APAD: Acquisition, Processing and Analysis of Health Data
- HPI-APAD-C Concepts and Methods
APAD: Acquisition, Processing and Analysis of Health Data
- HPI-APAD-T Technologies and Tools
APAD: Acquisition, Processing and Analysis of Health Data
- HPI-APAD-S Specialization
SCAD: Scalable Computing and Algorithms for Digital Health
- HPI-SCAD-C Concepts and Methods
SCAD: Scalable Computing and Algorithms for Digital Health
- HPI-SCAD-T Technologies and Tools
SCAD: Scalable Computing and Algorithms for Digital Health
- HPI-SCAD-S Specialization

Cybersecurity MA

Description

Deep learning (DL) is a powerful type of machine learning algorithm. Typically DL methods are applied to make use of highly dimensional data with lots of training examples to perform single prediction tasks accurately. With sufficient training data, these models can also be used to simulate realistic looking real world data based on complex, interconnected events. An example of such an evolved multi-step process is the analysis of proteins via mass spectrometry (MS). Modern healthcare applications have turned to analyze the proteins present in a cell in health and disease with MS. Unfortunately, MS instruments are expensive, and tedious method development in the wet-lab is necessary to optimize and fine-tune existing algorithms that researchers have developed to turn raw data into biological information.

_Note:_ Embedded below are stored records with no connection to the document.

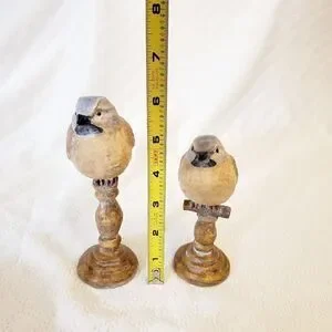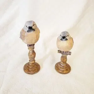 Decorate your home with this tabletop bird accent pieces. Great for side tables, Fire place mantel, or coffee table. Would make a lovely display. They are new with no tags.Please see pictures for best description, condition verification, and approximate dimensions.
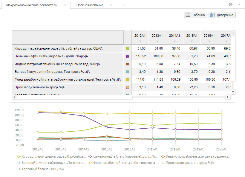 Для временных рядов доступны все операции с объектами, приведенные в разделах «Построение аналитической панели» и «Вставка и настройка отчётов». Также для отчёта доступно:
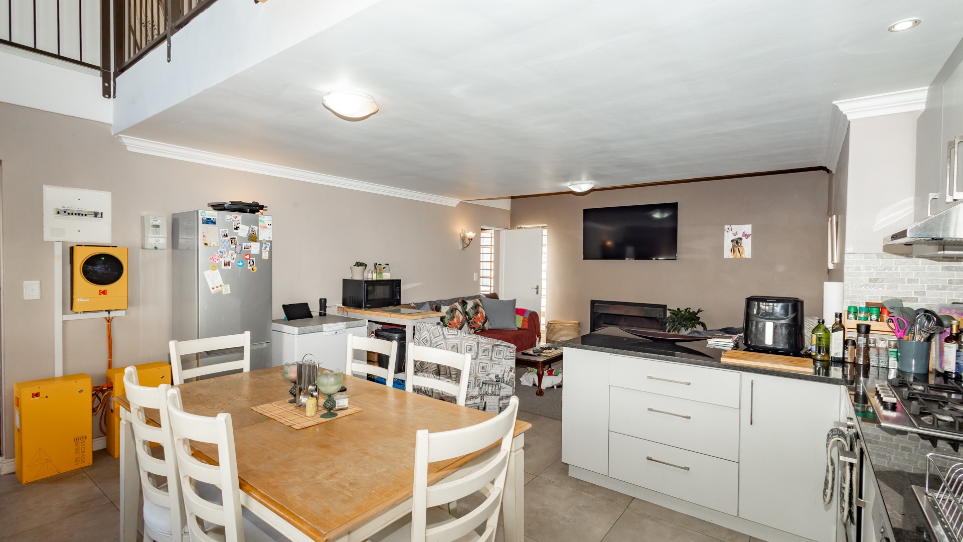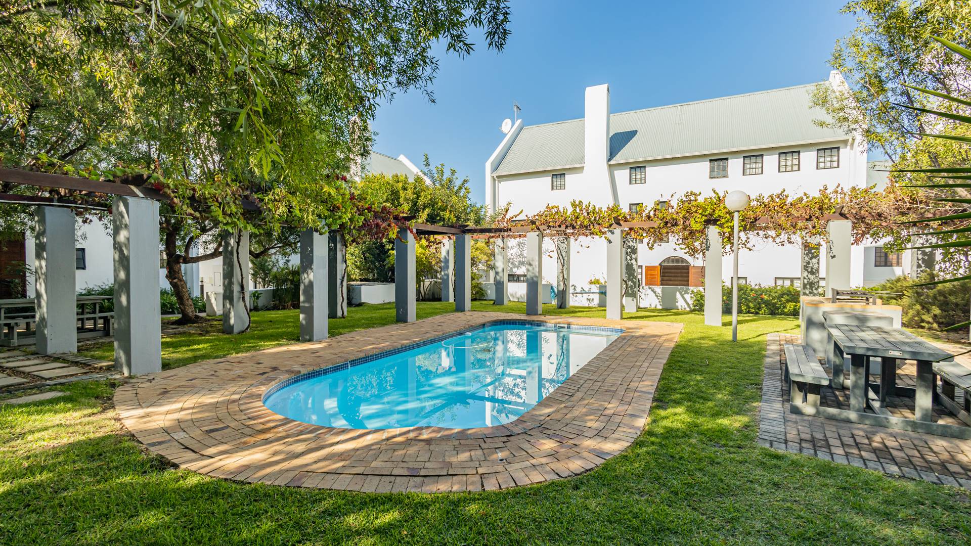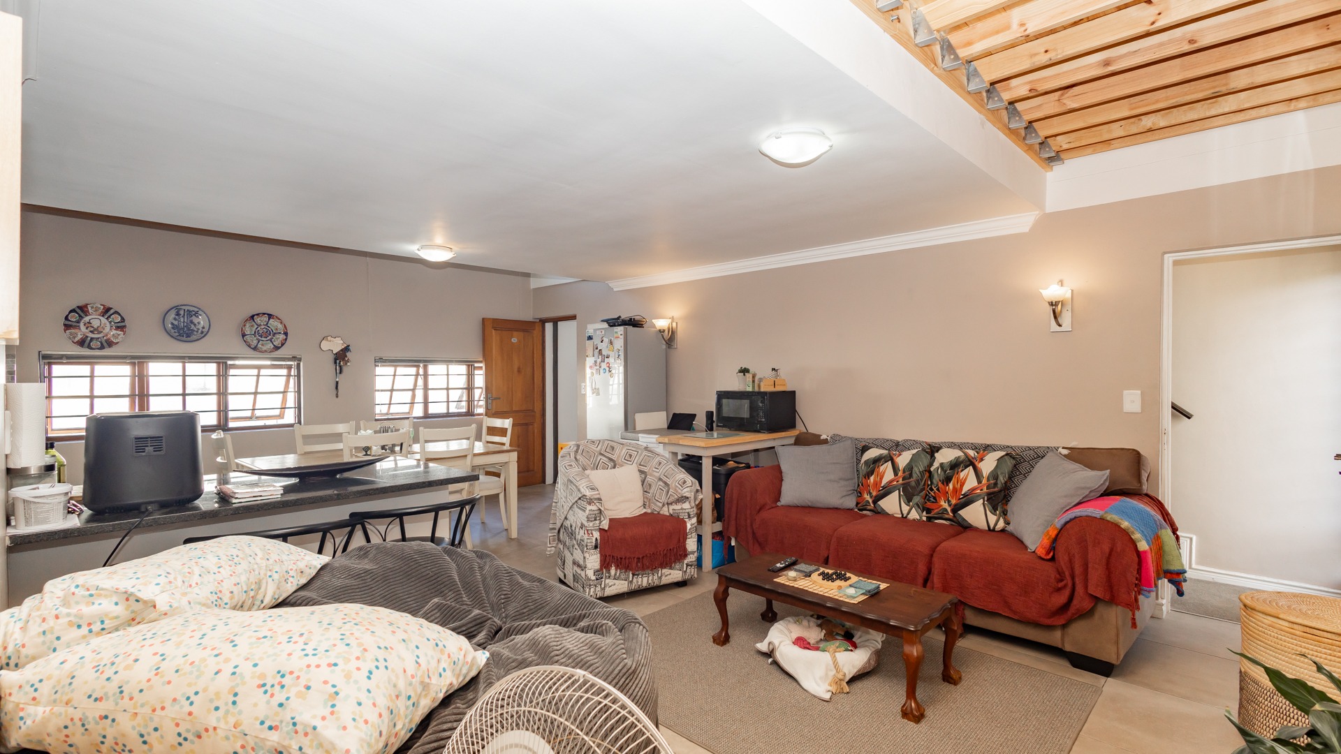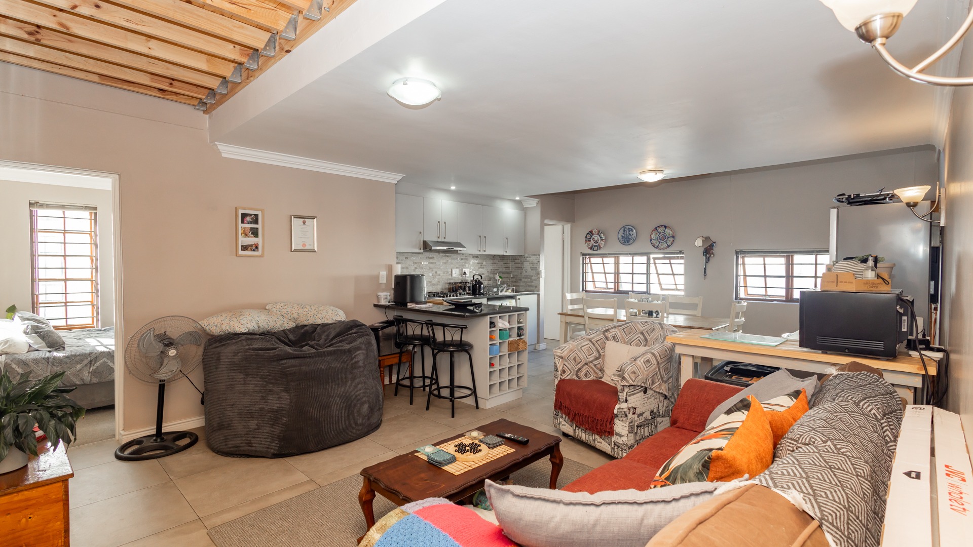 Discover contemporary living within the secure De Wijnlanden Residential Estate, nestled in the picturesque Stellenbosch Winelands. This inviting 120 sqm home offers a seamless open-plan design, integrating a modern kitchen, dining area, and comfortable lounge. The kitchen boasts sleek white cabinetry, a tiled backsplash, an island with bar seating, an integrated wine rack, and a gas stove, perfect for culinary enthusiasts. The living area features a cozy fireplace and unique exposed wooden beam ceilings, creating an appealing ambiance, complemented by durable tiled flooring throughout. The residence comprises two well-appointed bedrooms and two bathrooms, including a convenient en-suite. A highlight is the spacious, open-plan loft area, offering versatile space for a bedroom, home office, or personal gym, complete with its own en-suite bathroom. This adaptable layout caters to various lifestyle needs, providing both comfort and functionality. Step outside to enjoy the established garden and a clean rectangular swimming pool, ideal for relaxation. A vine-covered pergola provides shaded outdoor space, alongside a dedicated communal braai and picnic area, perfect for entertaining. The property is pet-friendly and offers scenic views, enhancing the outdoor living experience. Security is paramount within this gated community and security complex, featuring an access gate, electric fencing, security gate, and burglar bars for peace of mind. Modern conveniences include a battery inverter for uninterrupted power supply and fibre connectivity, ensuring a connected and efficient lifestyle. Located in the renowned Stellenbosch Winelands, De Wijnlanden Residential Estate offers a desirable lifestyle. Its proximity also makes it suitable for student accommodation, combining estate living with accessibility. Key Features: * Open-plan living with modern kitchen * 2 Bedrooms, 2 Bathrooms (1 en-suite) * Spacious loft area * Private swimming pool and garden * Communal braai and picnic area * Battery inverter and fibre connectivity * Secure gated community * Pet-friendly with scenic views * Fireplace

Overall, the goal in this praxis seminar is to leverage modern machine learning algorithms together with the ever increasing data availability (e.g. 310.77 TB in the public database massivekb) to simulate a million-dollar instrument. Instead of measuring real samples, we want to simulate realistic raw data for any given set of input (proteins). In particular, we will build and apply models that are able to deal with large amounts of sequence data (proteins) to simulate common experimentally performed steps in the MS analysis. The complex biochemical and physical properties that biomolecules have lead to a different behavior in the MS. Uncovering these properties is necessary to deliver realistic looking raw data. Deep learning offers here the desirable properties, e.g. end-to-end learning, learning from millions of observations and defining multiple prediction tasks based on the same input. With the ability to simulate realistic looking raw data, we will be able to deliver a tool for software developers and MS practitioners. There are many benefits from such a tool. For example, faster turnaround times in algorithmic developments, creating ground truth datasets for complex benchmarks, optimization of instrument specific parameters, and many more. The challenges are manifold: handling large amounts of data, encoding sequence (protein) data, defining the prediction tasks, building and adapting a suitable network architecture / machine learning model, and finally bringing it all together in a well-documented software package.

During the summer term 2020 (the first run of this praxis seminar) a python package named “millipede” was implemented by the participants. Millipede is implemented in python making use of the popular tensorflow package for deep learning applications. This semester, we want to focus on expanding the supported prediction tasks and also increase the complexity of the implemented simulation. In addition, we want to establish common design and software architecture patterns for the prediction tasks. The course will bring together software engineering and practical deep learning in a life science context.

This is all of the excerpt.